Dendrobium nobile Lindl. is one of the endangered orchids, which has been used as a medicinal plant for many years in China, Japan, India, and some other countries [1, 2]. It showed many health beneficial functions, such as eye-protection, liver-protection, cardiovascular-protection, gastric-protection and neuro-protection [3, 4].

Oxidative stress is associated with the occurrence and progression of cancer, metabolic syndrome, diabetes, cardiovascular disease, hypertension, Alzheimer’s disease, and aging [5–7]. Thus, antioxidant activities attached more and more attentions in production of health-care foods or skin-care products [8]. Recent research indicated that some Dendrobium species might be good antioxidant resources. The reports on D. officinale, D. chrysanthum, D. speciosum, D. chrysotoxum, D. denneanum, D. crepidatum, D. densiflorum, D. huoshanense, D. macrostachyum, D. signatum, D. catenatum, D. moniliforme, D. thyrsiflorum, D. fimbriatum, D. pachyglossum, D. aphyllum, D. devonianum, and D. sabin showed that they performed effects on 1, 1-diphenyl-2-picrylhydrazyl (DPPH) scavenging, 2, 2′-Azinobis-3-ethylbenzthiazoline-6-sulphonate (ABTS) scavenging, or ferric reducing [9–14].

However, there were poor researches reported on the antioxidant basis of Dendrobium [8, 15]. In plant secondary metabolites, flavonoids, phenols, vitamins, organic acids, and polysaccharides are well known as good antioxidants [16–18]. Some flavonoids, such as quercetin, rutin, and isoquercitrin, had been reported to be correlated antioxidant activities in D. officinale, D. catenatum, and D. huoshanense [12, 19–21]. Some polysaccharides were also considered as functional antioxidants in D. officinale, D. huoshanense, and D. nobile [15, 22, 23]. Recently, high performance liquid chromatography-tandem mass spectrometry (HPLC-MS/MS) had been used for metabolic analysis, chemical differentiation, quality control, and pharmaceutical identification in some Dendrobium species [19, 20, 24]. This is helpful for further quantitative identification of some novel antioxidants in D. nobile.

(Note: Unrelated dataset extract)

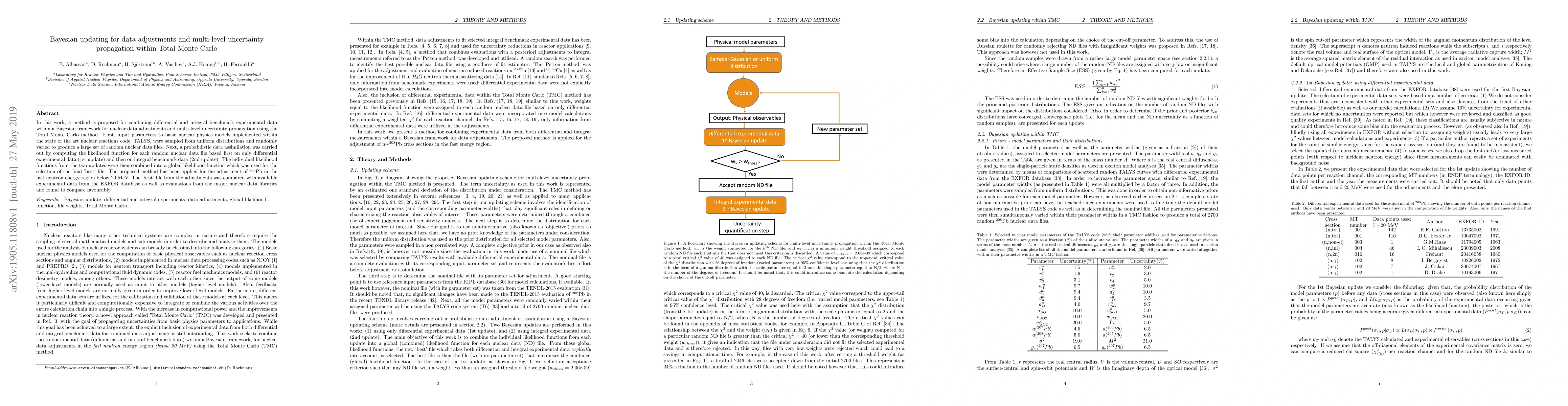 In this work, a method is proposed for combining differential and integral benchmark experimental data within a Bayesian framework for nuclear data adjustments and multi-level uncertainty propagation using the Total Monte Carlo method. First, input parameters to basic nuclear physics models implemented within the state of the art nuclear reactions code, TALYS, were sampled from uniform distributions and randomly varied to produce a large set of random nuclear data files. Next, a probabilistic data assimilation was carried out by computing the likelihood function for each random nuclear data file based first on only differential experimental data (1st update) and then on integral benchmark data (2nd update). The individual likelihood functions from the two updates were then combined into a global likelihood function which was used for the selection of the final 'best' file. The proposed method has been applied for the adjustment of $^{208}$Pb in the fast neutron energy region below 20 MeV. The 'best' file from the adjustments was compared with available experimental data from the EXFOR database as well as evaluations from the major nuclear data libraries and found to compare favourably.

The in-vitro antioxidant activities of the extracts from different tissues of D. nobile will be firstly evaluated in this paper. HPLC-MS/MS is then employed for metabolic analysis. The final co-analysis will indicate the main chemical basis for the respective antioxidant activities.

2. Materials and Methods

2.1. Plant Materials

Fresh roots, stems, leaves, flowers, and fruits of D. nobile were obtained from Hejiang, Sichuan Province (28°49′N, 105°50′E). Roots, stems, leaves, and flowers were collected in May 2019 and May 2020, fruits were collected in November 2019 and November 2020. Tissue samples were obtained from more than 30 individual plants for each collection. The tissue samples were washed with pure water, dried at 40°C for a week, ground into powder, and screened with a 50 mesh sieve before extraction.

2.2. Chemical Reagents

DPPH and ABTS were purchased from Beijing Zhongsheng Ruitai and Shanghai Macklin (China). The methanol, formic acid, potassium ferrocyanide, ferric chloride, and citric acid standard were purchased from Chengdu Kelon (China). The quantitative BCA protein kit and the bovine serum albumin (BSA) standard were purchased from Beijing Solarbio (China). The Rutin Standard was purchased from Chengdu Purechem-Standard (China).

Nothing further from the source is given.